EXERCISE DESCRIPTION:
I'd like every entry transcribed word for word, with no pictures.

Recorded data:
★ ★ ★ ★
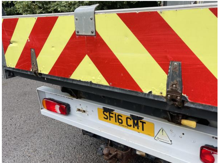
6: Tailgate Dented With Paint Damage
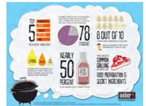
(d) m=6.69 , sd=2.46
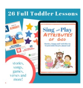
The Ultimate Toddler Bundle: Everything you need to teach age 1-3 about God
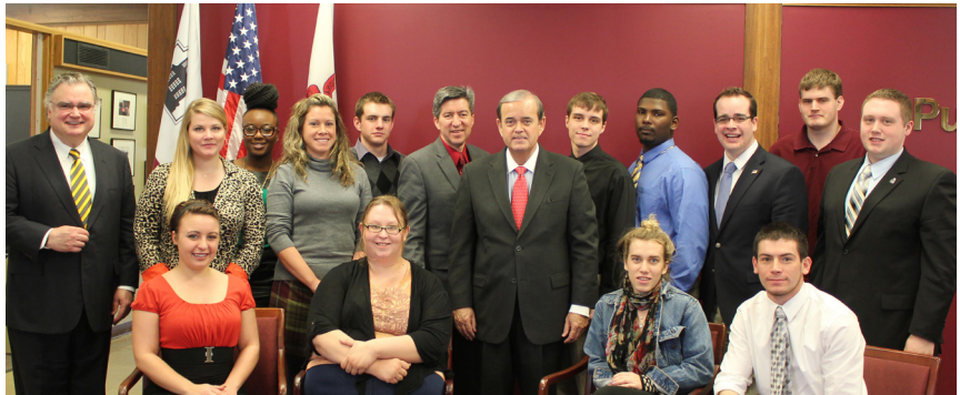
Former U.S. Congressman Jerry Costello meeting for a discussion with students after his lecture in March.
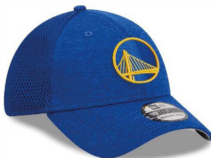
Flex Cap Hat

5 Panel Adult Baseball Hat made of 100% Cotton with Sublimation, Embroidery, & DTF printing with Custom team Logos with standard 58cm or Custom size & adjustable back strap
★ ★ ★ ★
WRITTEN ANSWER:
6: Tailgate Dented With Paint Damage
(d) m=6.69 , sd=2.46
The Ultimate Toddler Bundle: Everything you need to teach age 1-3 about God
Former U.S. Congressman Jerry Costello meeting for a discussion with students after his lecture in March.
Flex Cap Hat

5 Panel Adult Baseball Hat made of 100% Cotton with Sublimation, Embroidery, & DTF printing with Custom team Logos with standard 58cm or Custom size & adjustable back strap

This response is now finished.